The mug floated gently from the kitchen to park itself on a coaster. As it approached through the air, steam billowing from the rim, the bedroom door across the living room flew open, and Belle leapt up to slam her hand down onto the mug. She winced as droplets of scalding tea splashed over the sides.
"Right, I'm going, I'm going. Don't talk to me, I'm late."
Ariadne, wrapped in a thickly padded coat and a giant scarf that could have doubled up as a duvet, hurtled out of her bedroom, always a matter of minutes from mattress to door.
"And I mean it. Don't you dare eat that last croissant. It's got my name on it, and the thought of it is giving me one vague ray of hope to cling to through my meetings of death."
Belle's heart thumped from the adrenaline rush. Luckily, Ari continued to spin like a whirling dervish from key hook to shoe rack, entirely oblivious to Belle's flash of panic.
"That croissant is all that's good in my miserable, hideous life right now."
"You're being ridiculous," Belle called.
"I will murder you in your sleep."
"All right. Staying away from the pastry. I hear you."
Ari's constant faffing at any given time was a contributing factor to Belle's witchery having remained secret for so long. Her hair was wet and hastily braided, leaving damp shadows on her coat as she grabbed the coffee cup waiting on the side, filled earlier by Belle as part of their finely tuned daily routine.
"You better. Late meetings this afternoon, but I'll be home for tea. Love you, love you, bye bye bye bye…" Ari's voice trailed out into the corridor as she slammed the front door behind her.
Belle audibly exhaled as she collapsed back on the cushions. One day, her blood pressure would learn to handle the rush of disguising magic at the last possible second. Blowing on the remaining contents of her mug that wasn't now splashed across the carpet or her pyjamas, she slotted the stack of birthday cards up against a vase. Glancing at the clock, she grimaced. She should probably get a move on, too.
Escaping her attention in the morning's rush was one unassuming matte black envelope which, in her hurry, caught on the door's breeze and flew from the table. It had escaped from her apron pocket when she shut up shop the night before, cleverly gliding inside the paperback at the bottom of her handbag. Arriving at Flat 31, the envelope had shrewdly manoeuvred itself onto a folded blanket on the bed but remained unnoticed when a cat parked her furry stomach directly on top of it for the evening. It really had tried its level best that morning, determined to follow her back to work in her coat pocket, but acted a fraction too slowly and slipped from sight again. Sent sailing under the sofa, it bore a silver star illustration, entwined with three words.

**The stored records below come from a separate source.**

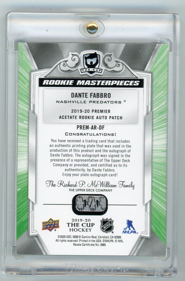 2019-20 The Cup Dante Fabbro Rookie Masterpieces Plate Autograph 1/1
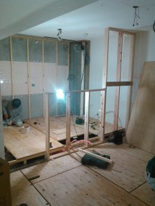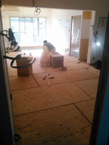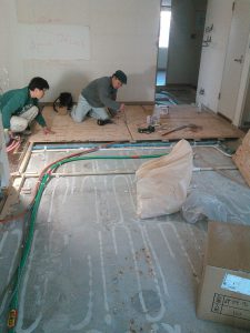 弊社大工の小野塚親子がマンションの床全体を解体し、新しい床下地組を行なっています。
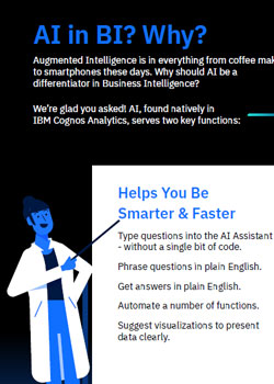 Augmented Intelligence is in everything from coffee makers to smartphones these days. Why should AI be a differentiator in Business Intelligence? We’re glad you asked! AI, found natively in IBM Cognos Analytics, serves two key functions. Learn how you can value it!
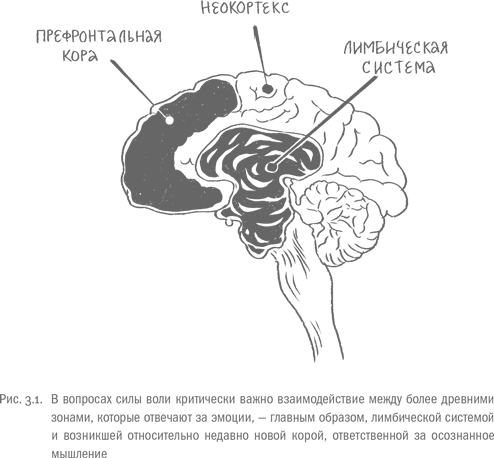 Супермаркеты, фастфуд, наркотики, продажная любовь и компьютерные игры – изобретения недавние, и система эмоций еще не научилась правильно на них реагировать. Возможно, через пару миллионов лет у наших потомков разовьется способность испытывать моментальное отвращение при виде полок со сникерсами или убегать, завидев открытую страницу соцсетей, но пока мозг по умолчанию считает благом то, что мы обычно называем соблазнами. И эти заложенные в «железе» настройки здорово мешают нам проявлять силу воли. Но, к счастью, продвинутые млекопитающие, в том числе человек, обзавелись так называемой новой корой – «интеллектуальной» составляющей великого мозга. Благодаря ей мы думаем, разговариваем, воспринимаем себя как личность, творим, анализируем, считаем, планируем и изобретаем. И где-то там, в глубине мозга, на пересечении его новых и старых областей скрыта наша способность держать в узде порывы (с переменным успехом), подчиняя древние простые желания сложным современным целям.
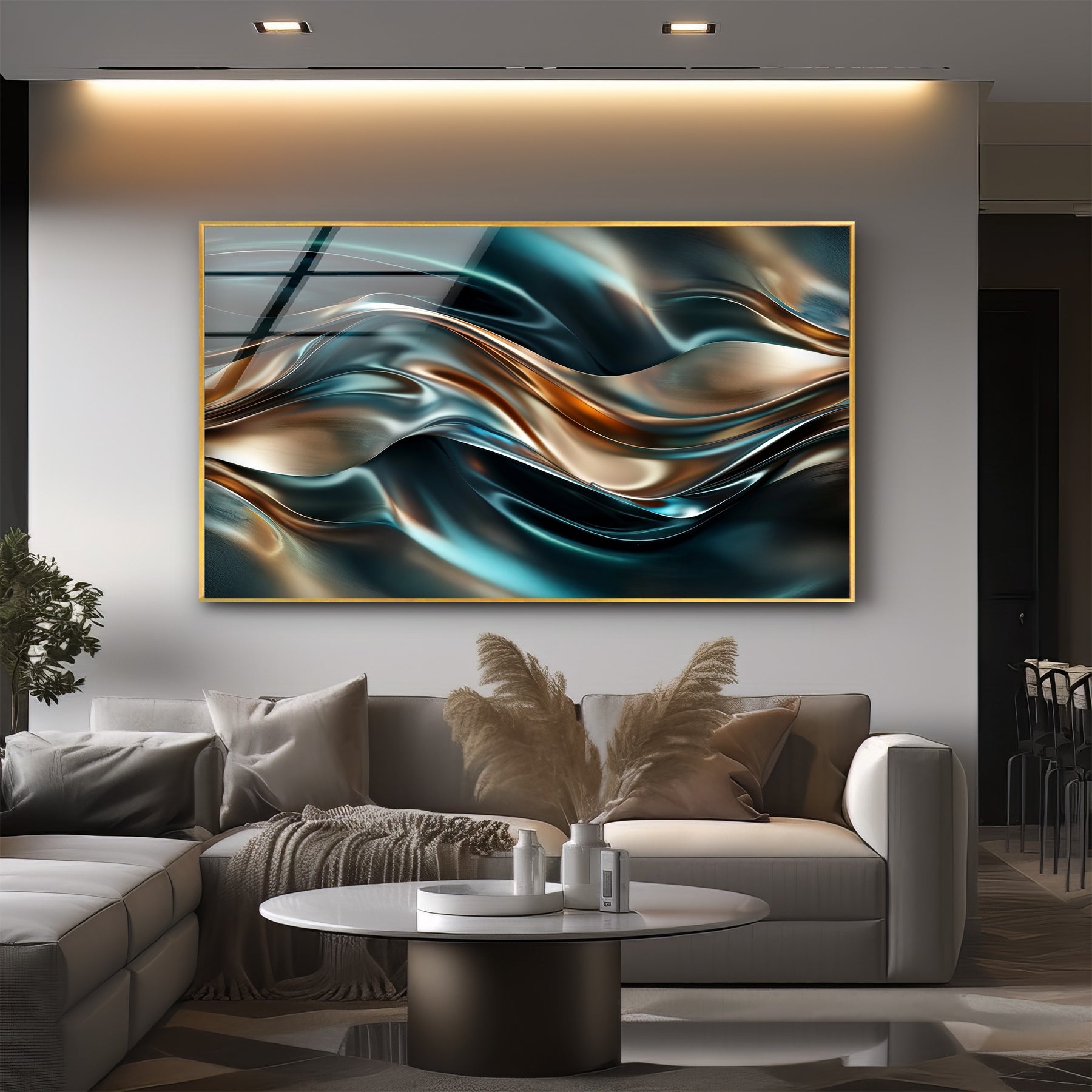 Printed on premium high-gloss glass, every highlight, reflection, and metallic texture appears crisp and radiant. Ideal for living rooms, offices, bedrooms, or stylish commercial environments, this piece transforms any wall into a sophisticated focal point with its sleek, immersive visual flow.
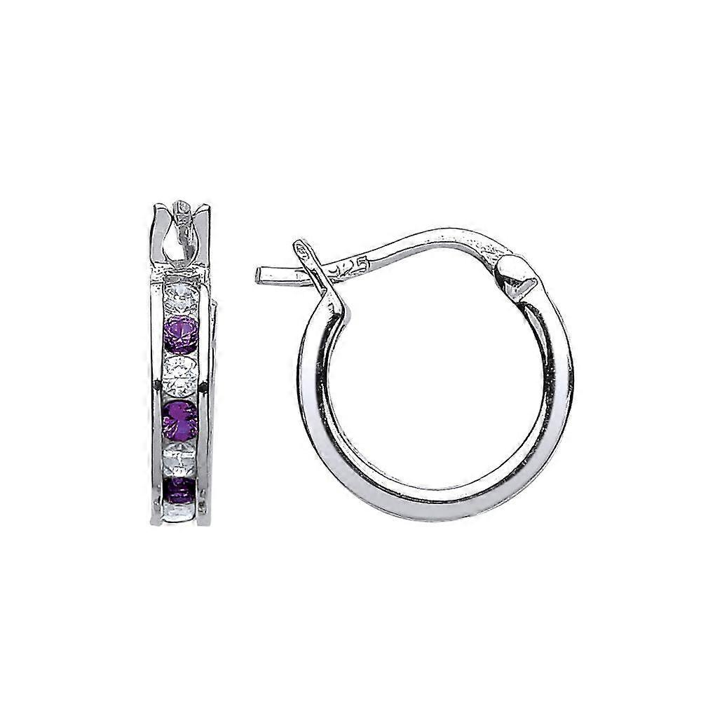 Jewelco London Ladies Sterling Silver Purple Cubic Zirconia Channel Set Eternity Hoop Earrings 12mm

Tonitru, Fulgur, Pluvia. Thunder, Lightning, Rain.
LATER THAT DAY, Belle pushed her thumb into her forehead in an attempt to stimulate the wilting brain on the other side of her skull. The three-o'clock haze was kicking in, the pixels of the computer screen blurring in front of her eyes as she catalogued copies of a shiny celebrity autobiography in the stock cupboard. The need to procrastinate was seizing control. Sentences were crashing into the ends of each other, hanging precariously off the end of her computer screen. Caffeine would probably help. Or chocolate.
She kicked back on the wheels of her chair and spun to glance out of the stock-room and onto the shop floor, hoping to spot an unsuspecting colleague who might volunteer a snack run.
Her line of sight was invaded by an enormous autumn wreath. An army of vibrant reds, oranges and golds marched towards her periphery, Monica's tiny height and chestnut hair struggling somewhere behind it. Belle maintained that her colleague was the coolest person she'd ever met, covered head to toe in a patchwork of colourful tattoos, as well as a constant rainbow of paint swatches all over her clothes and fingers, residuals from her art coursework. She was something of a mythical creature to Lunar's youngest customers, who always left gleefully covered in the never-ending supply of stickers that were drawn from the pocket of Monica's apron.
"Where do we want this, Belle?" Monica asked, holding the wreath at arm's length. "It smells a bit weird."
"It probably just needs airing out," Belle said uncertainly. "It's for the front door, there should be a hook in the big box, too. Actually, make sure there's no mice in—"
"Belle Blackthorn. How's my favourite wonder woman?"
Monica's face, poking through the hole in the foliage, plummeted as she clocked the man to whom the roaring voice belonged. Suddenly overtaken by the urgent need to decorate as quickly as possible, she shrugged apologetically as she made a swift exit. Belle shot her a scowl that she hoped effectively communicated the meaning of ruthless traitor . Training her face to the picture of professionalism, she leapt up.
"What can I do for you, Christopher?"
Without bothering to get any closer or even to glance up from the pager in his hand, her boss shouted across the bookshelves. As always, he was oblivious to the many heads nearby that had turned in frustration at his lack of volume control against the peaceful hum of the shop. His corporate presence in Lunar always felt wrong, unnatural and jarring, like the full-body jolt that shakes a sleeper from a dream. Belle bolted through the shop to meet him in an attempt to lower his volume, knocking over a stack of magazines in her haste, with apologetic half-smiles to the customers.
"Mind jumping onto this call with the bank for me, darlin'? Got held up at the gym this morning, so haven't had a chance to read the files that Mum dug out. Waste of my time anyway, to be honest. Not showed up today, has she? Wish we could all be bloody part-timers," he guffawed.
Belle felt the anchor of her stomach plummet.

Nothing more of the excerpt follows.